By Charlie Fletcher
In our age of inclusivity, diversity, and personal empowerment, no one wants to imagine that ageism continues to be a thing. Nor do we want to accept that ageism is also often accompanied by sexism. However, the stark reality is that both do, indeed, exist in our culture. Gendered ageism is a huge issue.
Most troublingly of all, perhaps, is that the scourge of ageism and sexism persists in the one domain where older women should find themselves feeling the safest and the most protected: the medical industry.
This reality of gendered ageism, unfortunately, can take a devastating toll on the physical and mental health of older women. The good news, however, is that there are tangible steps women and their support networks can take to protect older women’s rights in the medical system and to ensure they receive both the respect and the quality of care they deserve.
(Mis)Understanding the Female Patient
Unconscious bias in the medical industry does not begin when a woman reaches middle age.
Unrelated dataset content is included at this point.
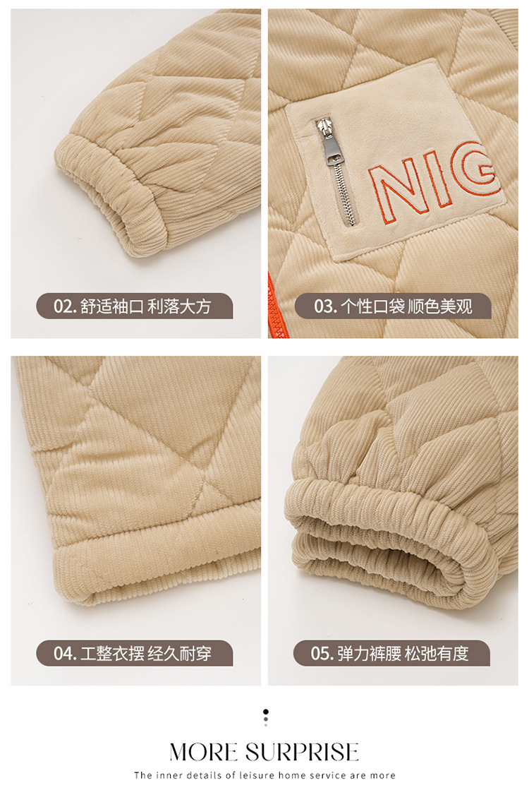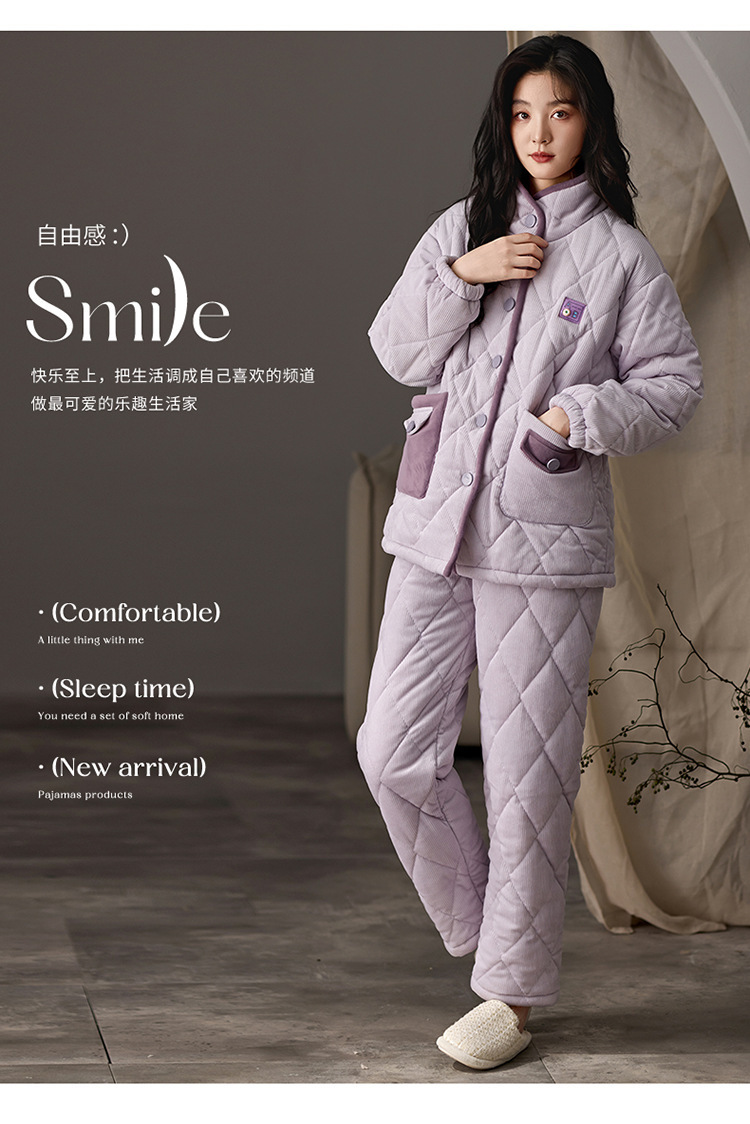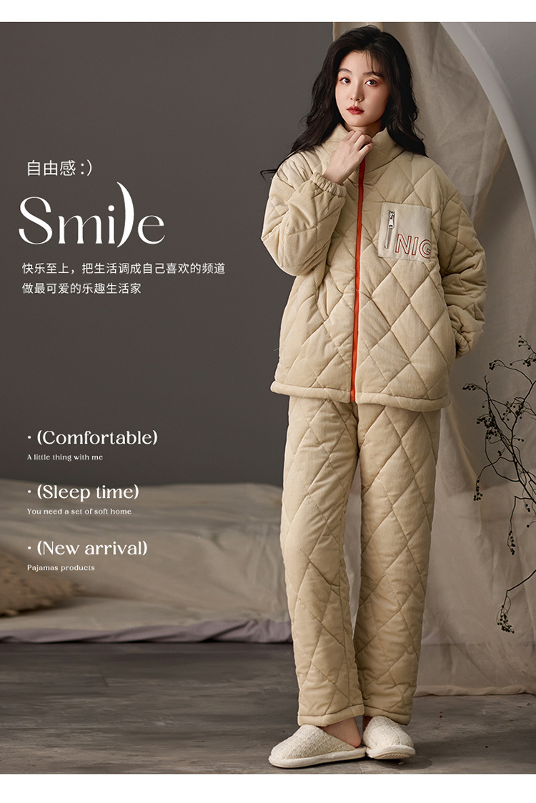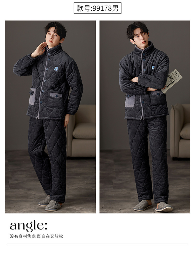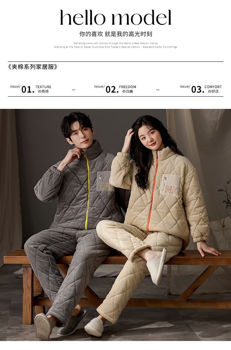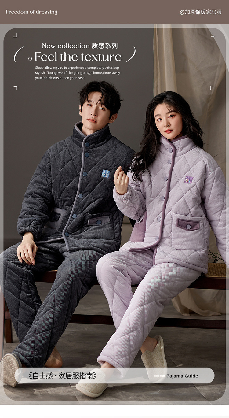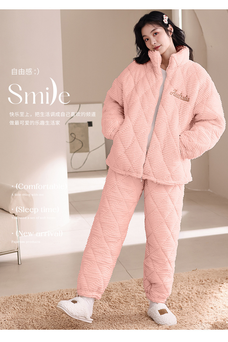 겨울 커플 잠옷 여성용 산호 양털 카디건 3 층 두꺼운 기모 플란넬 코튼 패딩 재킷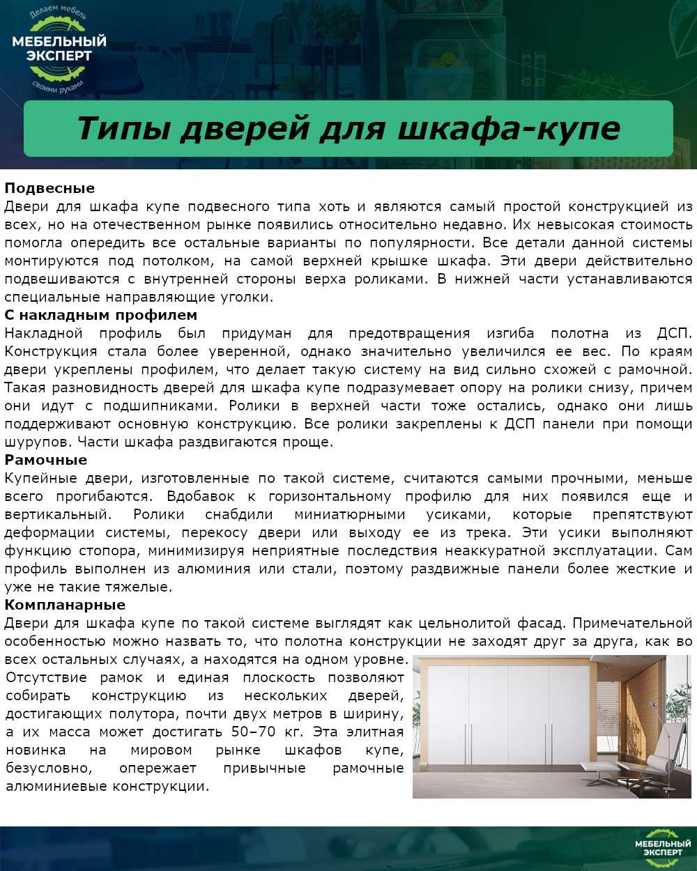 Типы дверей для шкафа-купе

In fact, research has shown that bias against women persists across the lifespan. This can impact not only the care of female patients but also the underrepresentation of women in leadership roles in the healthcare industry.
This has contributed to a significant and disturbing pattern in which female patients of all ages are more likely to experience misdiagnosis or delayed diagnosis than male patients presenting with the same symptoms. Indeed, studies show that physicians are far more likely to dismiss or minimize women’s self-reported pain than the self-reported pain of male patients.
On the one hand, this may be attributed to the unconscious cultural influence of gender stereotypes that hold that women are more likely to be emotional, exaggerate, and even succumb to anxiety and “hysteria.” These stereotypes, in other words, suggest that women’s pain is, more often than not, all in their heads.
It’s not only that prevailing gender stereotypes may both consciously and unconsciously influence a practitioner’s perception of the patient, her complaints, or her needs. Studies have also shown that women are woefully underrepresented in medical research and medical education. Thus, healthcare providers often simply do not have the training or the data to understand how illness impacts women’s bodies differently than men’s.
Ageism Twinning with Sexism: A Perfect Storm
As difficult as it may be for female patients in general to receive the quality of healthcare they need, those challenges amplify as women age. A 2021 report from The Lancet, for example, found that gendered ageism continues to be ubiquitous in the healthcare system.
A significant consequence of ageism in healthcare is the tendency to attribute treatable conditions or significant warning signs of nascent disease as merely the effects of getting older. Further, ageism in healthcare may well lead to the denial of standard treatment protocols. Practitioners may design their treatment plans not on the patient’s needs or values but on the healthcare provider’s ageist assumptions regarding quality of life and longevity.
When you combine the influences of ageism with those of sexism in the medical industry, then it’s not difficult to understand why older women in particular may be subject to inappropriate, poor quality, and biased care.
Mental Health Ramifications
The results of gendered ageism can not only be life-threatening, but they can also have a deeply deleterious impact on women’s mental health. Post-traumatic stress disorder (PTSD) related to medical events is very real, and it can ravage a patient’s sense of safety, trust, peace, and well-being.
Unfortunately, when your experience of medical care is one in which you are disbelieved, dismissed, or diminished, you will always already be at risk of profound anxiety, stress, and distress. If you then couple this with a misdiagnosis or delayed diagnosis, you may well experience the fear and pain of aggressive treatments that might have been avoided with proper and timely care.
What is to Be Done?
As prevalent as gendered ageism may be in the healthcare industry, it does not have to be the destiny of every older woman. Indeed, it is not only possible but older women must learn to advocate for themselves in the medical system.
It begins by preparing yourself to speak up, to be honest, and to assert and, if needed, defend your right to take charge of your own body, your life, and your health and medical choices. After all, you, not your healthcare team, will be the one to live out the consequences of the actions taken and the decisions made in the doctor’s office or hospital room.
It’s also imperative that you do your research and prepare yourself for every clinical encounter. Make lists of questions, symptoms, and concerns. Take a notebook into the office with you and make notes of your conversations with your healthcare provider.
Above all, enlist the support of someone you trust–a spouse, a sibling, a friend. Ensure they’re with you when you see your doctor. Often, your support person will have better recall and understanding of what is said than you will, given the inherent stress of a doctor’s visit. In addition, your support person can advocate for you when you can’t. So keep them involved in your healthcare and ensure they understand your concerns, as well as your wishes.
Sexism and ageism in the medical industry persist, and these can pose a significant threat to the mental and physical health of older women. The good news, though, is that mature women do not have to fall prey to unconscious bias in healthcare. The key is for women to learn to advocate for themselves and, above all, to recognize, embrace, and exercise their right to do so.
Charlie Fletcher is a freelance writer from the lovely “city of trees”- Boise, Idaho. Her love of writing pairs with her passion for social activism and search for the truth. When not writing, she is a part-time wedding planner and spends time with her nephews.